Tive reações muito saudáveis e até uma que tolero sem violência, a de um amigo que já me habituou a não entender alguns pontos de vista, mesmo simples, por ser ele mesmo virulento e intolerante. Os restantes contribuíram para o contraditório – que no fundo é sempre o objetivo de quem escreve publicamente.
Sem fugir muito ao tema, aqui me têm a falar de um exemplo de violência e de intolerância, do campo da violência emocional, mas também do intolerante político e que teve origem, surpreendentemente, num país que consagrou a liberdade e os direitos.
Falo da intervenção policial numa praia de Nice, onde o fundamentalismo laico mandou uma muçulmana despir a sua burca, em nome de uma opção tomada em âmbito de lei e que no caso esqueceu liberdades individuais e religiosas e sobretudo liberdade de género, pois o cerne da questão, esse mesmo do direito da mulher a ser mulher, nem veio à baila.
Nos tempos dos nossos avós, existiam nas praias os cabos de mar, figuras policiais que zelavam pela moral e pelos bons costumes. Ao contrário do que se passou em Nice, mandavam as pessoas vestir-se (o corpo era pecado) e não despir-se (porque ocultá-lo é atentatório).
O burkini em terras de França exaltou o imaginário
Cedendo a marcas do terror, os franceses já haviam tomado posições extremistas, como retirar os crucifixos das salas de aula, tapar estátuas com sinais religiosos para receber um líder iraniano, legislar sobre o tema expurgando o essencial: que é na tolerância e na coabitação dos símbolos que os povos se aproximam – e não na sua erradicação.
Colocar uma burca ou um burquini sobre a pele saudável de uma sociedade laica só a transtorna.
A polícia em Nice agiu em boa fé legal e com o respaldo jurídico que a apoia. Mas contribuiu para a diferença e para o conflito. Para o inflamar das imaginações e para a atração dos fundamentalismos mais variados.

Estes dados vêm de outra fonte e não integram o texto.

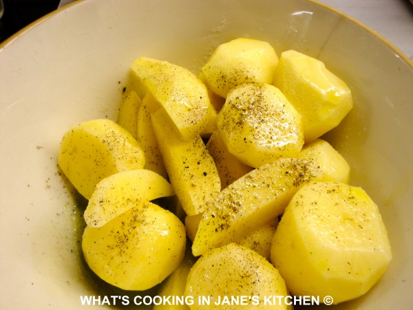 These potatoes are half cut Greek style, the long ones and half cut English style.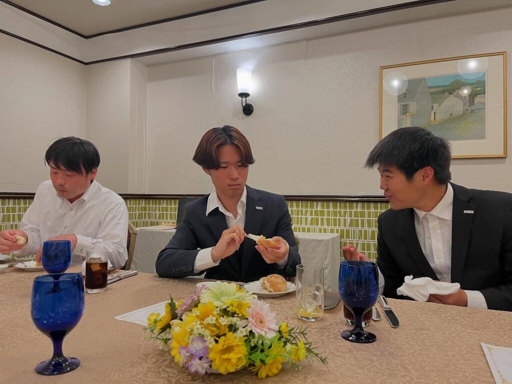 諫早市のホテルグランドパレス様にお世話になり、事前の簡単な講習と、料理がでるごとにマナーのポイントを教わりました。

A começar, há que dizer que não é correto, sob o ponto de vista teológico, aceitar que o Corão imponha o tapar do rosto. Como a Bíblia nada impõe sobre o mesmo mote e sabemos como as católicas usavam (usam) véus e as noivas não os dispensam na sua cerimónia mais elevada, tapando a cara e descobrindo-a para o primeiro beijo.
Que em alguns pontos do mundo a mulher seja vista como objeto – eis um dos principais pontos da crítica, da luta, da emancipação. Mas sabemos bem como em muitas religiões – para além da Muçulmana – isso acontece e de forma por vezes radical, ofensiva e em casos extremos mortal (as notícias de violência doméstica são diárias e exemplificativas).

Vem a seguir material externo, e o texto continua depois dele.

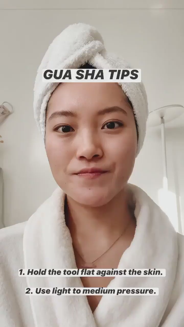 - Start with a clean face and prep skin with a facial oil or serum to enhance the glide of the gua sha tool and nourish the skin. We love to pair the gua sha tool with Mount Lai's natural skincare products, which are made from nourishing herbs & plants and designed to pair with our tools. -Keep the tool flat against the face and begin with the forehead. Scrape in an upwards motion from the eyebrows to the hairline. - Move to the cheeks and scrape in an outwards motion starting from the crease of the nose until the ear. - Move to the jawline and use the end of the gua sha tool with the two curves. Start from the chin and scrape until the ear. Gently massage the gua sha tool into the ear to release tension. - For the under-eye area, very gently scrape the gua sha tool from the inner corner of the eye outwards to the temple. Because the area is so sensitive, it is important to only apply light pressure.

O Corão, já agora, aconselha a que as mulheres não exibam os seus adornos em público: a palavra usada é zinah (adorno). Que não mostrem os seus atrativos (zinah) publicamente. Podem fazê-lo em privado, nas suas próprias casas e perante as pessoas mais chegadas, como os pais, sogros, tios, outras mulheres e crianças (corrijam-me, mas não me lembro de se referir o marido).

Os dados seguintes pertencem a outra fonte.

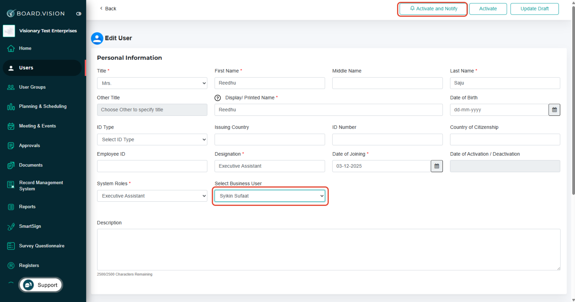 4) Then, you will be directed to the Edit User page. Under the System Role, you will be able to see the Business User dropdown box. Select the Business User from the dropdown list then click on Activate and Notify.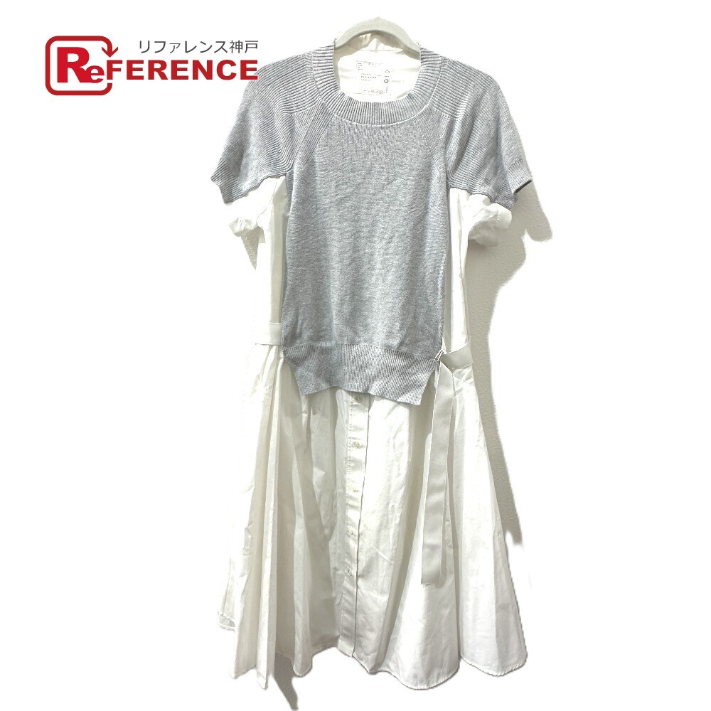 Sacai サカイ SCW-019 アパレル 服 半袖 ニットドッキングワンピース フレア ワンピース ホワイト レディース【中古】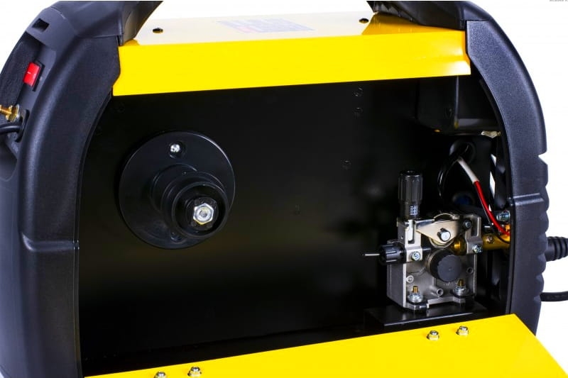 Spawarka została wyposażona w profesjonalny podajnik drutu, który gwarantuje stabilność i ciągłość pracy urządzenia. 4-rolkowy podajnik umożliwia precyzyjny wysuw drutu spawalniczego wykluczając jego poślizg. Podajnik posiada pokrętło szybkiej wymiany drutu jak i rolki podającej drut.

Este tipo de limites faz emergir todo o tipo de interpretações – estive em países onde havia praias só pra mulheres, guardadas por mulheres (fortemente armadas) onde por certo essas mulheres se bronzeavam, tonificavam e divertiam ao sol sem roupa ou com pouca (não sei nem testemunhei).
Assisti em países muçulmanos e noutros (até em Portugal) como a mulher muçulmana gosta de adornos e de os comprar – e não vi nenhuma delas adornada, pelo menos como vejo as mulheres não muçulmanas, em liberdade, fazê-lo pelo mundo fora.
É por isso, também, um aspeto com responsabilidades sociais, este.
Há praias portuguesas onde se proíbe o topless – noutras onde se pratica o nudismo
O longo caminho da secularização, do laicismo, e da interpretação da moral, está longe de se ter cumprido. Hoje, no ocidente, pouca coisa será imoral – e muita é ilegal.
Não há menção no Alcorão que o hijab (o véu islâmico) tenha de cobrir a face.
Todos os juristas e teólogos muçulmanos concordam que, de acordo com Alcorão 24:31, as mulheres podem manter o seu rosto descoberto e também podem manter as suas mãos abertas e usarem anéis nos dedos.
Este versículo também pede às mulheres para cobrirem os seus seios (o que leva a pensar que o não faziam antes, nem que fosse apenas nos momentos de aleitação).
Publiquei há dias, na Internet, imagens do biôco e do rebuço (usados em Olhão e Portimão), trajos parecidos com a burca e bem portugueses.
Proibídos por regulamento policial do Governo Civil de Faro, com execução permanente, aprovado pelo governo, no Artigo 32º que dizia: “É proibido nas ruas e templos de todas as povoações deste distrito o uso dos chamados rebuços ou biôcos de que as mulheres se servem escondendo o rosto”. (Governo Civil de Faro, 28 de Setembro de 1892).
A proibição prendia-se com “a necessidade de identificar quem o usava” (muitas vezes ladrões disfarçados de mulher).
O capote e capelo dos Açores sempre desafiou a imaginação interpretativa
Há uma pergunta curiosa que fazemos, por graça: a quantos metros da praia é que estamos nus se andarmos a passear de fato de banho ou biquíni na terra litoral?
Não é, em suma, o que vestimos – ou o que despimos que constitui a questão. Mas sim como os preconceitos culturais nos despem ou vestem.
Há também um hadith (declarações do Profeta) que o Profeta fez a Asma, irmã da sua esposa Aysha, quando ela apareceu vestindo roupas finas: “Ó Asma, quando a mulher atinge a puberdade não é adequado que qualquer parte do seu corpo seja visto, excepto isto, e ele apontou para o rosto e as mãos.” (Corão 31:30).
Um polícia francês mandar despir uma mulher muçulmana viola um princípio de liberdade religiosa, mas sobretudo de liberdade individual. Se o fizesse com uma mulher não muçulmana, violaria princípio tão ou mais profundos?
Voltarei a este tema, é claro, já para a semana.